Compound interest, the eighth wonder

Compound interest is interest earned on your interest — the force behind long-term wealth. This guide explains how it works, the maths, and how to make it work hardest for you.

The basics

Simple vs compound interest

Simple interest is earned only on your original amount. Compound interest is earned on your original amount plus all the interest already added — so each period's interest is bigger than the last. Over a few years the difference is modest; over decades it's enormous. This is why compounding is often called the eighth wonder of the world, and why starting early beats saving more later.

Future value = P × (1 + r)n + regular contributions compounded
The levers

Rate, time and frequency

Three things drive the result. The rate of return: even 1% extra a year compounds into a large gap over decades. Time: the single most powerful lever, because the steepest growth happens at the end. And compounding frequency: interest added monthly grows slightly faster than annually, as it starts compounding sooner. Regular contributions supercharge all three by constantly adding new money to compound.

Quick maths

The Rule of 72

To estimate how long an investment takes to double, divide 72 by the annual return. At 6% a year, money doubles in about 12 years (72 ÷ 6); at 8%, in 9 years. It's a handy mental shortcut for grasping the power — and the cost of a lower rate or higher fees, which extend the doubling time.

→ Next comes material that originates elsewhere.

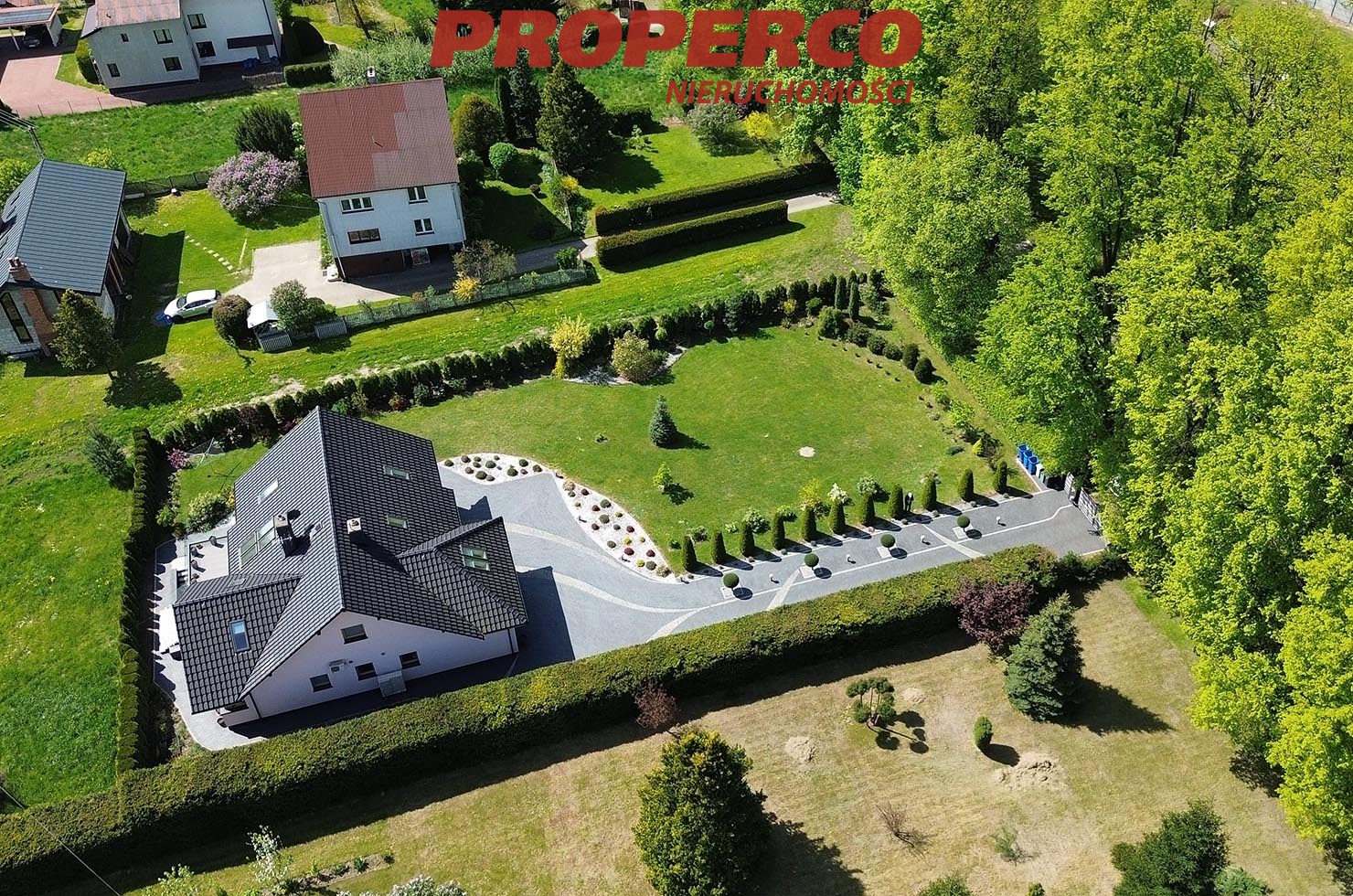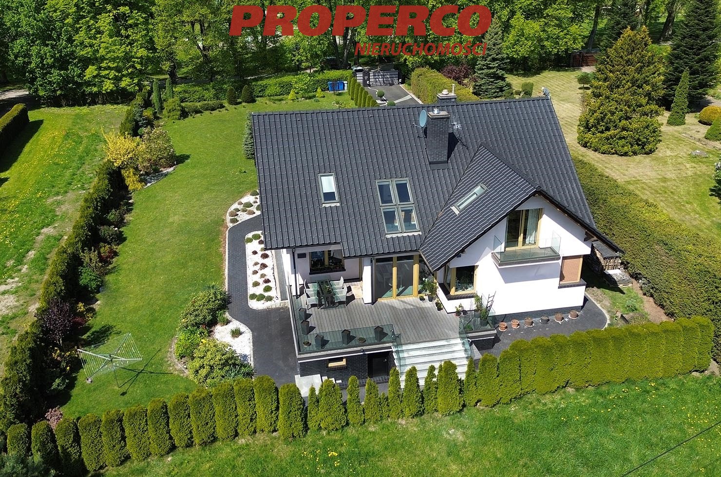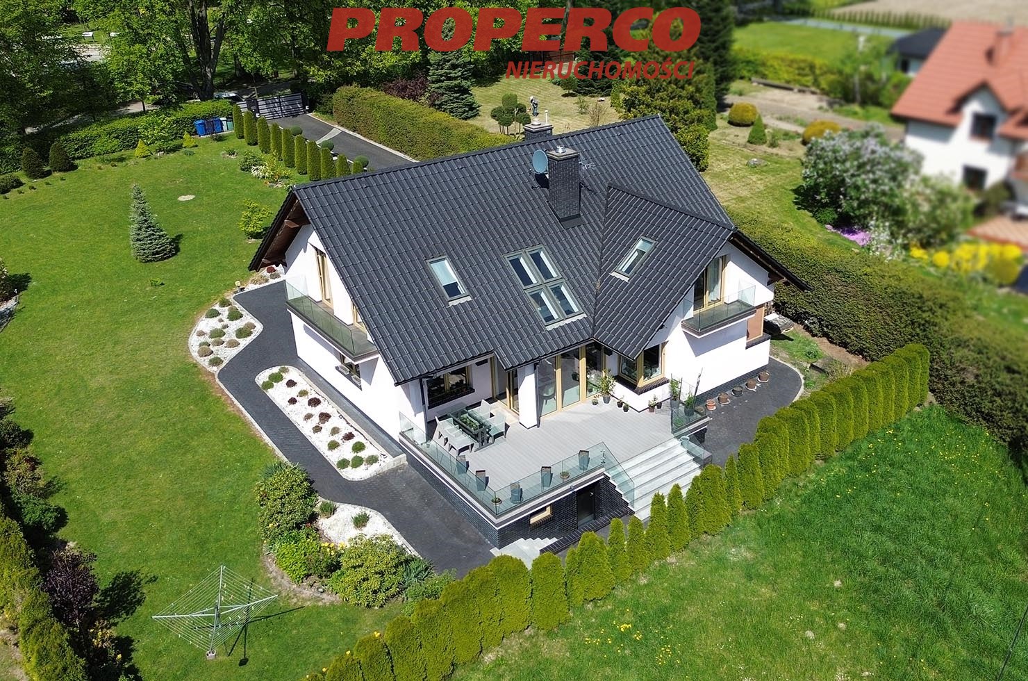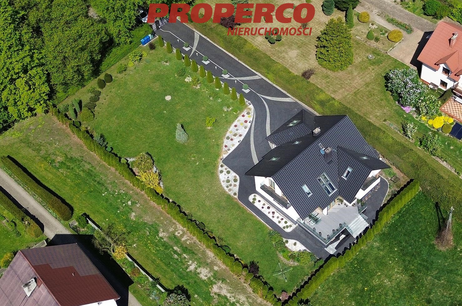 For sale: modern 6-room detached house with a usable area of 178.7 m² (total area 275.1 m²), located on the picturesque Aleja Lipowa in Oblęgorek, just 15 km from the center of Kielce. The property is situated on a 1,653 m² plot.

Fees and inflation compound too

A 1% annual fee compounds against you exactly like returns compound for you — over decades it can cost a large slice of the pot. And inflation erodes real value, so compare returns to inflation, not just to zero.
Apply it

Where compounding works for you

Compounding powers ISAs, pensions, savings accounts and investment funds. To harness it: start as early as possible, reinvest all interest and dividends, contribute regularly, keep charges low, and leave it alone — withdrawing early breaks the compounding chain. Tax wrappers like ISAs and pensions let the growth compound without tax dragging on it each year.

Avoid these

Common mistakes

  • Waiting to start. The biggest growth happens in the final years, so delaying loses the most valuable compounding time.
  • Not reinvesting. Spending the interest or dividends stops them compounding. Reinvest to keep the snowball rolling.
  • Ignoring fees. High charges compound against you. A low-cost fund can be worth tens of thousands over time.
  • Comparing to zero, not inflation. A 2% return when inflation is 3% loses real value. Aim to beat inflation.